Only the lines below between the one holding "Tutor LMS software" and the one holding "Cesta de rejilla", inclusive, are to be reproduced word for word; the pictures are to be left out.

======== Data for this task

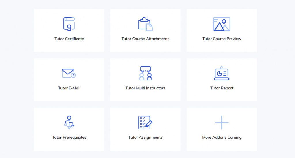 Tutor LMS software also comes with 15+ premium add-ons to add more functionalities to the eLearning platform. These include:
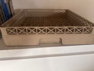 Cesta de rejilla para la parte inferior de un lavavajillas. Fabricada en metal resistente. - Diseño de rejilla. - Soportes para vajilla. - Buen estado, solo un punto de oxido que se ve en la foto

================
======== Data for this task

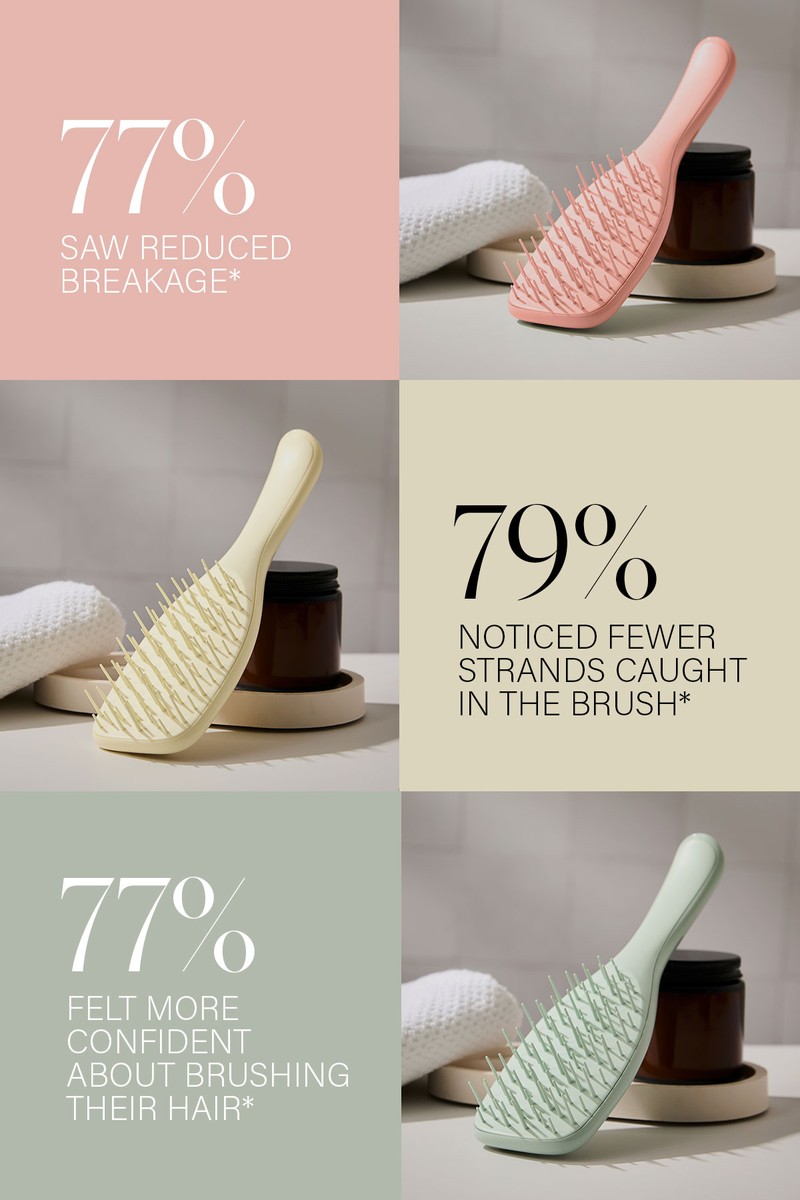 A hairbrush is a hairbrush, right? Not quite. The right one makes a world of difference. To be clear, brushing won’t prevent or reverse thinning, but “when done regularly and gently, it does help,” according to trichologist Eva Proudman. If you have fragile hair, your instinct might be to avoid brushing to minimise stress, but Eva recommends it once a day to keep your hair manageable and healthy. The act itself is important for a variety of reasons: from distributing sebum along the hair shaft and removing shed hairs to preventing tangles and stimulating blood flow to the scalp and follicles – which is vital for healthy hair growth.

================

__Result of the task__
 Tutor LMS software also comes with 15+ premium add-ons to add more functionalities to the eLearning platform. These include:
 Cesta de rejilla para la parte inferior de un lavavajillas. Fabricada en metal resistente. - Diseño de rejilla. - Soportes para vajilla. - Buen estado, solo un punto de oxido que se ve en la foto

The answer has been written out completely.